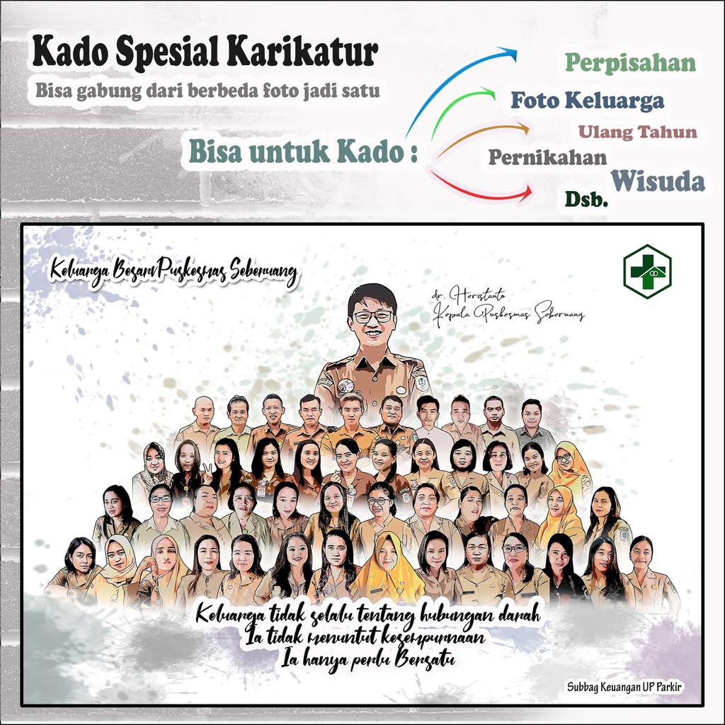 Gabung Foto Karikatur Kado Spesial (Perwajah), min 2 wajah, hadiah perpisahan dll, saffana desain
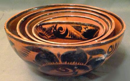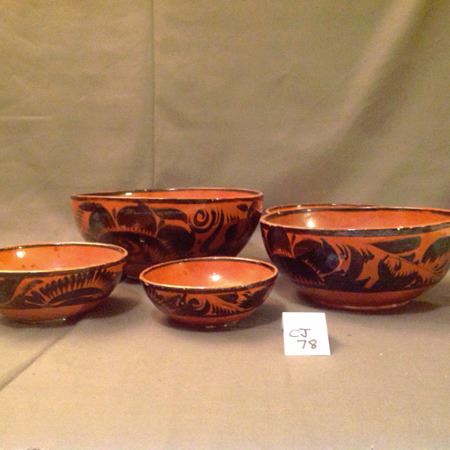 Mid 1900s, Collection of five Old Mexico style glazed nesting pottery bowls from Michoacan. Good condition. Largest 4-3/4" x 5-1/8"
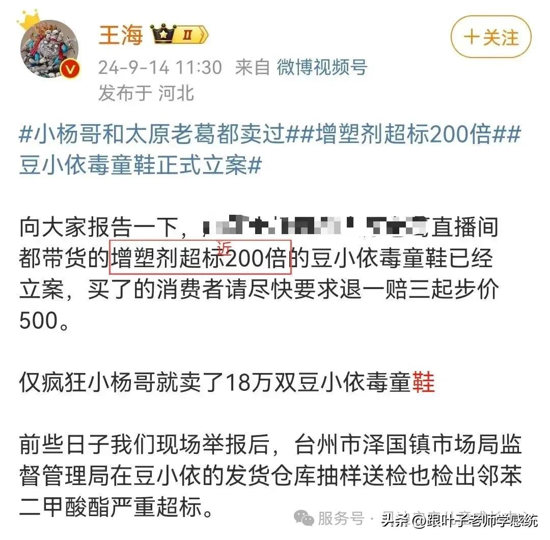 此前,职业打假人王海曾爆料称,某大网红所带货物“豆小依”儿童鞋存在严重问题,其增塑剂含量严重超标。
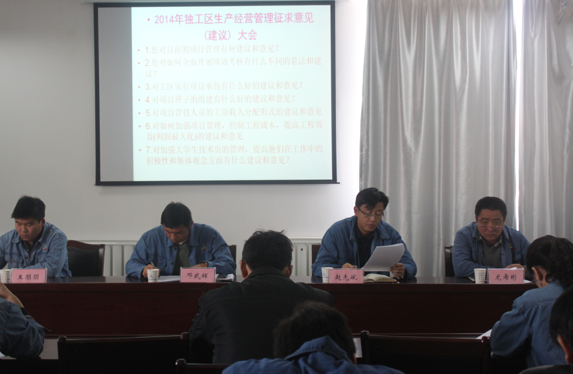 針對即將來(lái)臨的2014年生產(chǎn)經(jīng)營(yíng)管理工作,趙先斌主任為大家分析預測2014年生產(chǎn)經(jīng)營(yíng)管理模式及工作思路,引導發(fā)揮集體智慧,共同為2014年生產(chǎn)經(jīng)營(yíng)管理出謀劃策,獻計納言。工區總支從項目管理、績(jì)效考核、項目班子的組建、項目管技人員工資收入分配形式及如何提高大學(xué)生技術(shù)員管理等方面廣泛征求管技人員意見(jiàn)和建議,發(fā)放民主測評表、民主推薦表和生產(chǎn)經(jīng)營(yíng)管理征求意見(jiàn)表各51份。
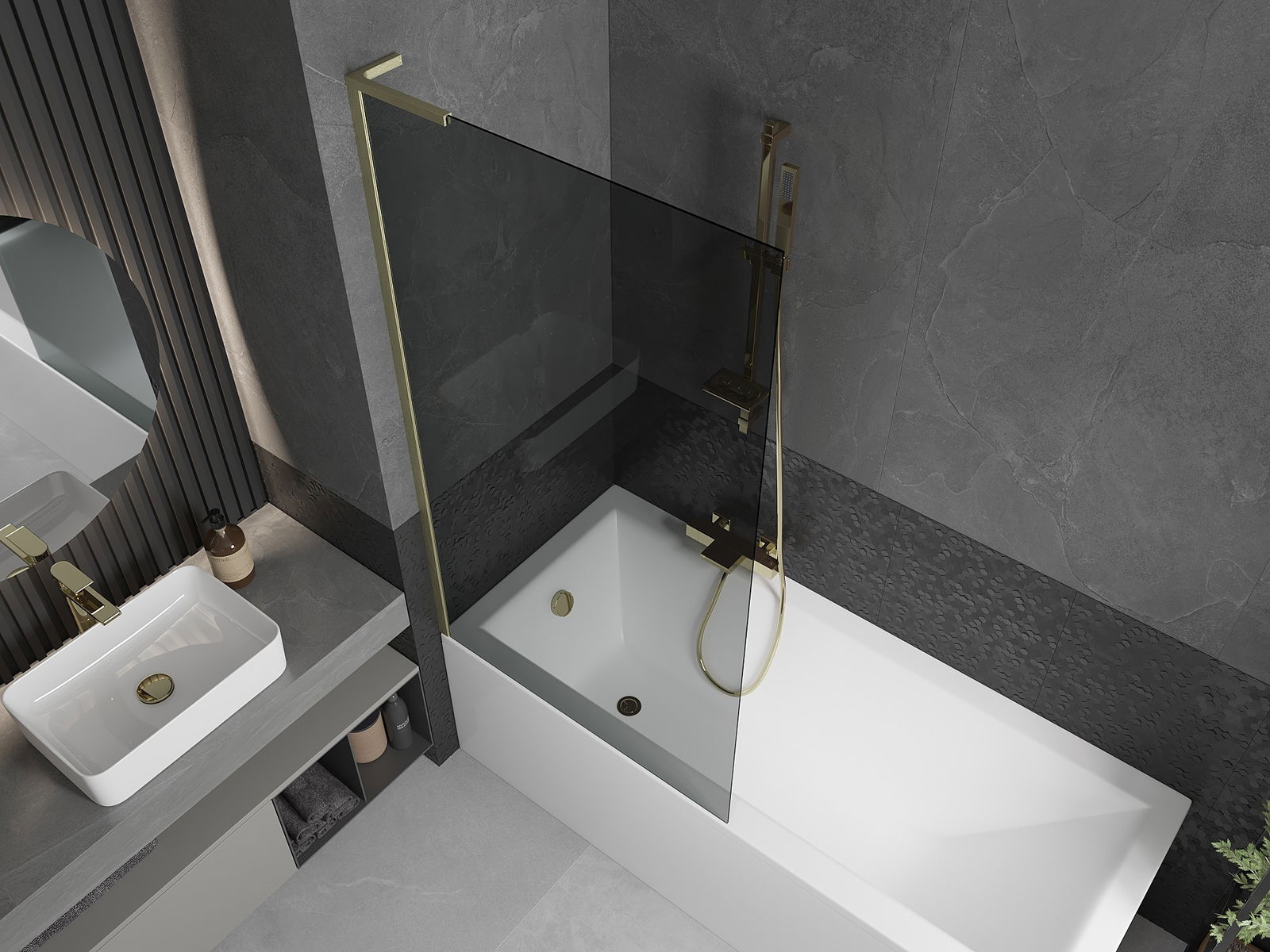 Mexen Next L παραβάν μπάνιου 1 φύλλου 90 x 150 cm, γραφίτης, χρυσό βουρτσισμένο
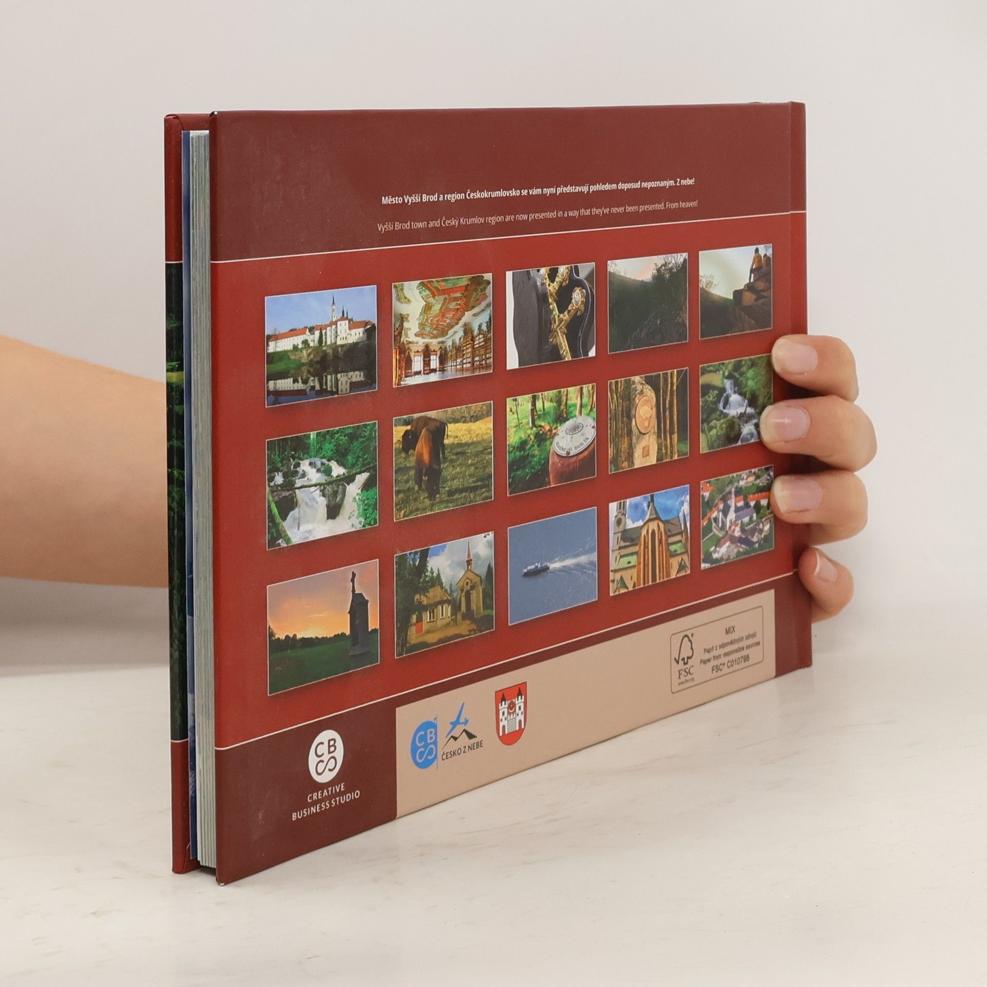 Český Krumlov ležící v nejjižnějším cípu republiky má návštěvníkům opravdu co nabídnout. Největším skvostem regionu je unikátní architektonický a urbanistický celek - město Český Krumlov, zapsaný od roku 1992 na seznamu světového přírodního a kulturního dědictví UNESCO. Českokrumlovský hrad a zámek je druhým největším v Čechách. Mimořádnou uměleckohistorickou hodnotu mají kláštery ve Zlaté Koruně a ve Vyšším Brodě. Přitažlivá je i jedna z největších hradních zřícenin v Čechách - Dívčí Kámen. Vodní nádrž Lipno a její okolí vybízí k pasivní i aktivní rekreaci. Nyní i vy můžete pomyslně brouzdat v nebesích nad tímto regionem listováním v knize. Na leteckých fotografiích najdete určitě mnoho míst, které možná dobře znáte, ale nyní se na tyto místa můžete podívat doslova "s nadhledem".
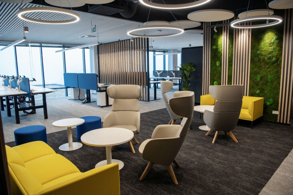 Prostor se vyznačuje unikátní souhrou moderních a tradičních materiálů – vedle plastů je zde kladen důraz na dřevo, sklo a přírodní prvky. Jelikož se jedná o kancelářskou budovu, bylo důležité, aby se v ní cítili dobře koncoví zákazníci, což jsou zaměstnanci firmy Hyundai Motor Manufacturing Czech. Původní budova tak po provedené rekonstrukci nabízí velkorysý prostor pro společnou práci i menší, oddělené místnosti pro meetingy a chvíle, zaměstnanci potřebují klidnější prostředí na jednání, či soustavnou práci. „Rovněž jsme se zde rozhodli dát slovo přírodě, díky živým rostlinným stěnám, které prostoru vdechly pocit svěžesti a života,“ dodal Colin Glover.
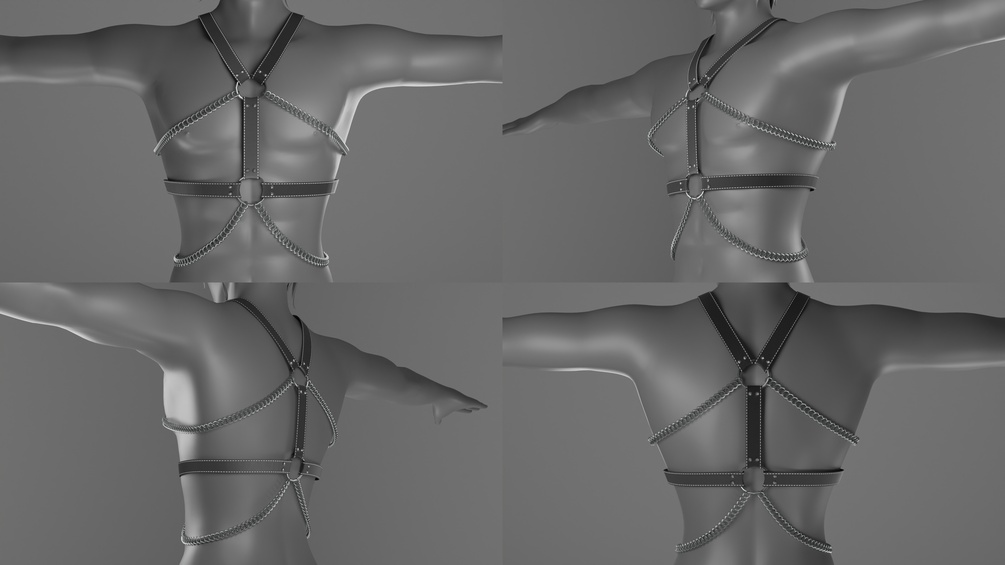 This is a from scratch Male Harness Pack. All harnesses will include a black base color and a white base color for ease of recoloring. All harnesses include clean quad topology. Extra topology was left in the mesh to keep more detail. The tris can be easily reduced for further optimization if you choose to do so. I hope you enjoy the pack and I have further works to come. Thank you!!
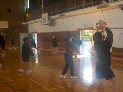 オーバーハンドパス、アンダーハンドパスをつかって、一回でも多くバスをつなげていきます。
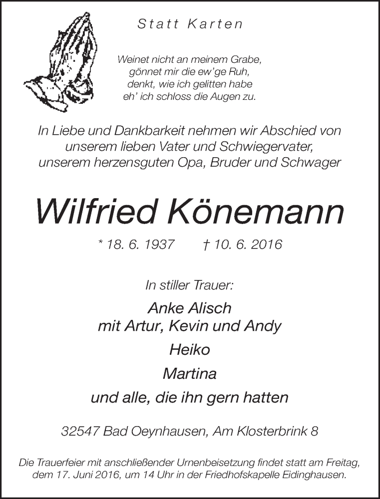 Hier finden Sie alle Traueranzeigen aus der Zeitung, die bisher für Wilfried Könemann erschienen sind. Weitere Traueranzeigen, die in der Zeitung erscheinen, werden hier ebenfalls aufgelistet
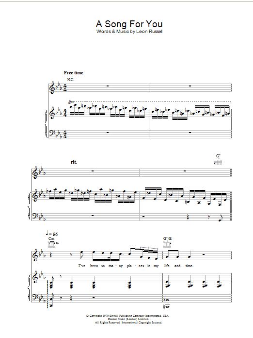 Download or print Ray Charles A Song For You sheet music, chords and digital score arranged for Lead Sheet / Fake Book. This Blues score includes 3 page(s).
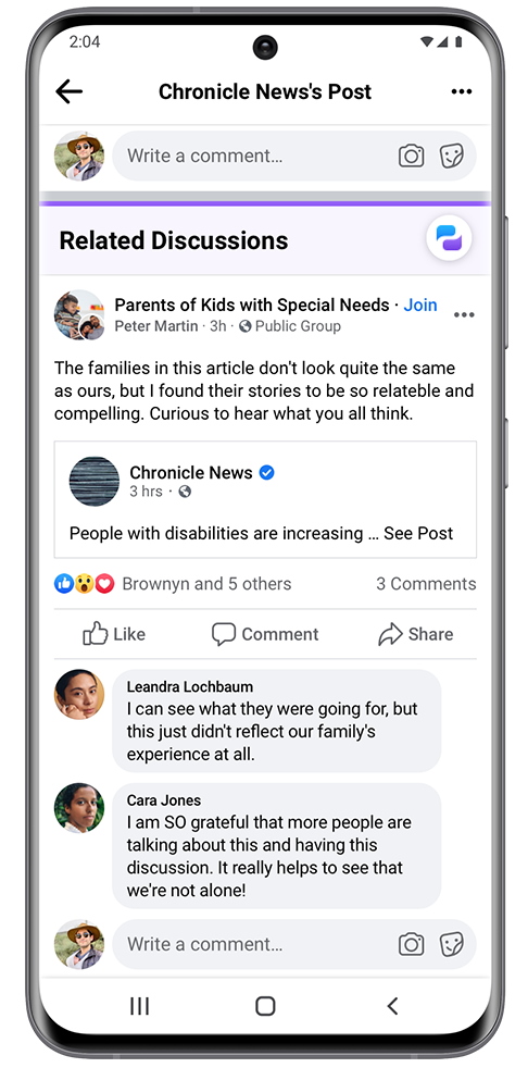 Some users may begin seeing Related Discussions in News Feed when someone posts a link or reshared a post on the social network, enabling them to see what other groups are saying about the same content.
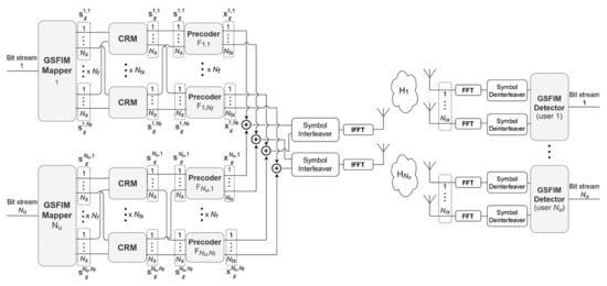 where and , with representing the precoder matrix. After the precoders and interleavers (which are explained further ahead), the frequency domain symbols are concatenated into N-sized blocks and converted to time domain through an inverse fast Fourier transform (IFFT). Before the transmission occurs, a CP with length greater than the delay spread of the channel is added to each block. It is important to observe that each PT-GSFIM symbol can carry a total of bits per user calculated through
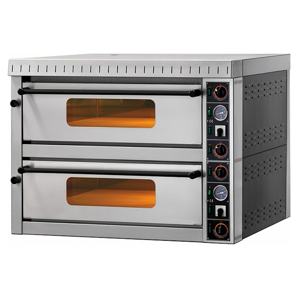 Печь для пиццы GAM MD 6+6 TOP используется на предприятиях общественного питания, в кондитерских, пекарнях, супер- и гипермаркетах с собственной кухней для выпечки пиццы и хлебобулочных изделий, требующих высокой температуры приготовления. Корпус выполнен из нержавеющей стали, дверца - из керамического стекла, камера и под - из огнеупорного камня.
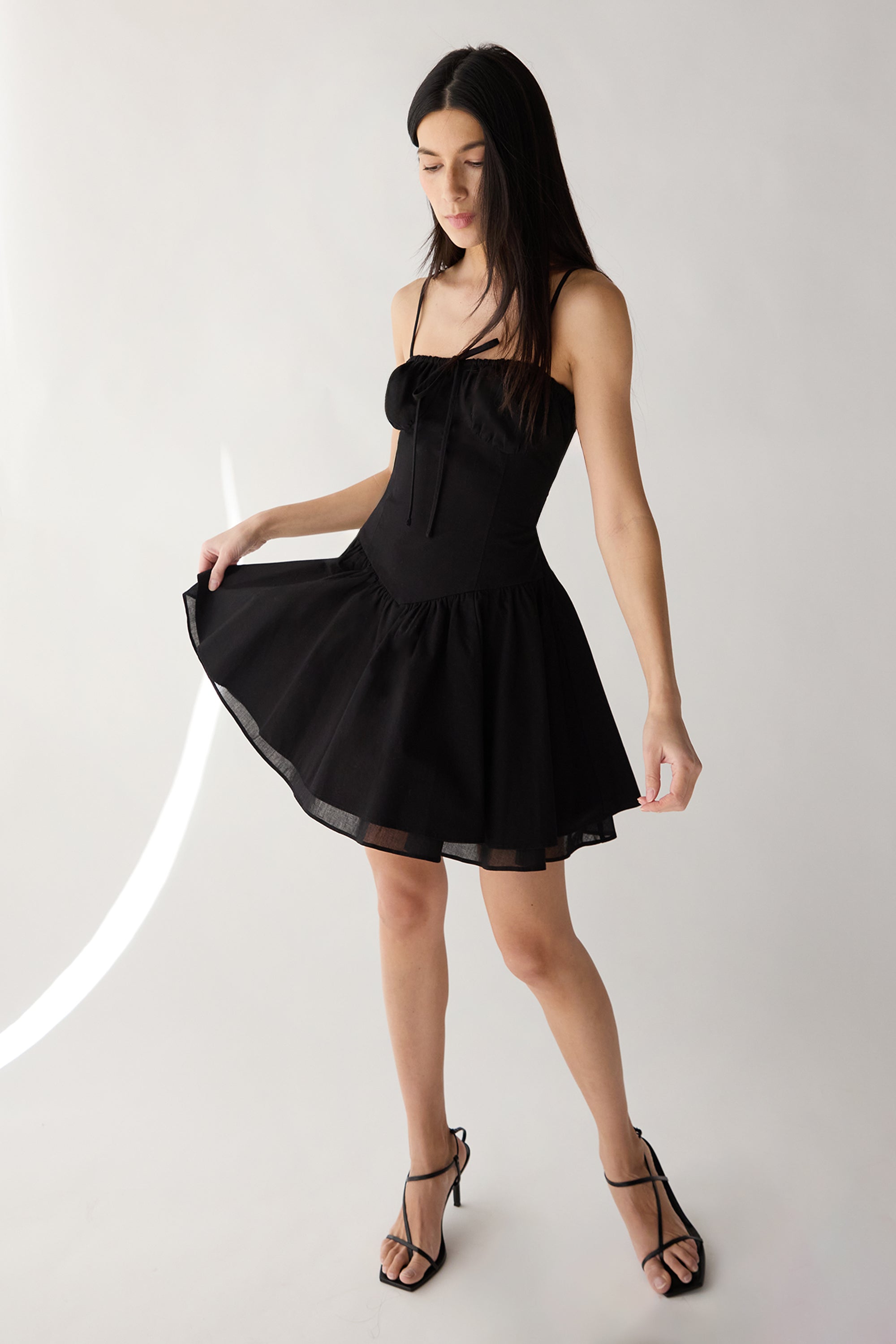 Poplin fabric. Corset bodice with smocked back. Adjustable shoulder straps. V-waist with gathering.

::::

* **Task description**: Only one stretch of the listing is wanted: the lines starting at the one with "オーバーハンドパス、アンダー" and ending at the one with "Some users may", copied exactly and free of pictures.

* **Solution to the exercise**:
 オーバーハンドパス、アンダーハンドパスをつかって、一回でも多くバスをつなげていきます。
 Hier finden Sie alle Traueranzeigen aus der Zeitung, die bisher für Wilfried Könemann erschienen sind. Weitere Traueranzeigen, die in der Zeitung erscheinen, werden hier ebenfalls aufgelistet
 Download or print Ray Charles A Song For You sheet music, chords and digital score arranged for Lead Sheet / Fake Book. This Blues score includes 3 page(s).
 Some users may begin seeing Related Discussions in News Feed when someone posts a link or reshared a post on the social network, enabling them to see what other groups are saying about the same content.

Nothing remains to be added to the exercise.